Вечером, узнав об очередном посещении тети Гали, отец с решительным видом отправился за дядькой. Они вернулись с бутылочкой портвейна номер двенадцать. Я сидел за уроками в соседней комнате. Моих ушей, конечно же, не мог миновать разговор взрослых.
– Да, в конце концов, Гена, – сказал дядя, – я только и сделал, что предложил ей взять в бане отдельный номер. Чего ж тут такого, не жена, что ли, она мне? Только паспорта предъяви. Раз существуют семейные номера, почему же не посетить их? К тому же в общую большая очередь была.
– Петь, это все равно неудобно, – решительно возразил отец. – Город маленький, мало ли что подумают… Ну, а она что?
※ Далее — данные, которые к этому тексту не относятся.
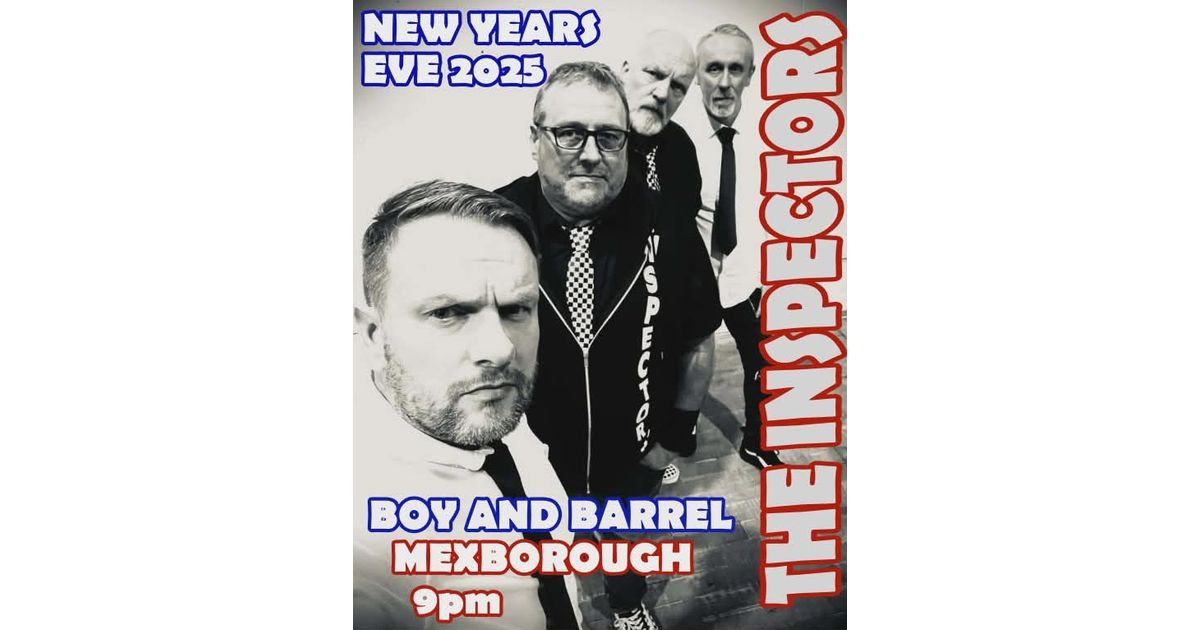 Celebrate New Year's Eve 2025 with The Inspectors at the Boy and Barrel in Mexborough. Enjoy an exciting evening of live music as you ring in the new year with friends and family.

– Она? – вскричал дядя, откровенно поражаясь отцовской наивности. – Да мгновенно полкана на меня спустила. Развратник, такой-рассякой! Вы там на фронте привыкли ко всякому. А мы-то вас ждали, боялись в сторону глянуть! И понесла-понесла… Вот, мол, откуда у тебя те фотографии.
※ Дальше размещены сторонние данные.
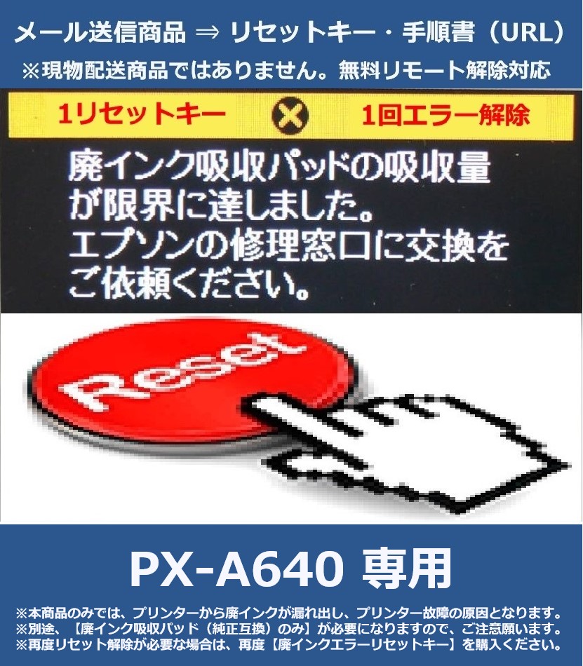 メーカー 商品名 | 【廃インクエラーリセットキーのみ】 「廃インク吸収パッドの吸収量が限界に・」のエラーが表示された場合の解除キー |

– Какие фотографии? – спросил отец.
Понял и я, о каких фотографиях шла речь. Однажды украдкой я рассматривал их в дядюшкином фронтовом альбоме. В неестественных позах, с наигранно жизнерадостными улыбками позировали возле стога сена здоровые, точно кобылицы, голые девки, похожие на няньку Дуню.
А вообще я могу с полным основанием утверждать, что в нашем роду никто из мужчин не отличался повышенным интересом к женщинам…
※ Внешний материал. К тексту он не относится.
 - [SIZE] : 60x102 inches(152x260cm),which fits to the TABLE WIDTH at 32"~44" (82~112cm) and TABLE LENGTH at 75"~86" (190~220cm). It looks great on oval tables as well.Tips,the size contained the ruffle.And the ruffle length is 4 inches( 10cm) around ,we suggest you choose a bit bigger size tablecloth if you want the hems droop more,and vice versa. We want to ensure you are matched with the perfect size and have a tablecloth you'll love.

Однажды дядька исчез на долгих три года. Его посадили за нечаянный поджог колхозного хлеба вовремя охоты. Несколько раз мы отправляли ему посылки с шанежками и его любимыми папиросами «Казбек». Дважды на свидание ездила к нему тетя Галя.
– Наверное, опять наш дядя Петя дрова колет, – как-то вдруг ни с того ни с сего предположил я.
– С чего это ты взял? – спрашивали у меня.
– Все пленные пилят бревна или колют дрова.
Я говорил с такой твердой убежденностью потому, что сам видел, как колол дрова один пожилой японец с грустными глазами, в линялом зеленом кителе. А я иногда в щелку в заборе за ним подглядывал. Каждый удар топором он сопровождал утробным «хо». Я так привык к этим «хо», что, когда он однажды вдруг почему-то не произнес этого восклицания, я не выдержал и выдохнул в щель: «Хо!» Он посмотрел в мою сторону и улыбнулся, обнажив лошадиные зубы. Я таскал у отца папиросы и просовывал ему в щелку. Он деликатно брал и благодарно кланялся. Однажды японец подарил мне «жужелицу» – палочку, один конец которой был натерт смолой или канифолью. Суровая нитка с грузилом при раскручивании издавала звук, очень напоминающий густое жужжание шмеля.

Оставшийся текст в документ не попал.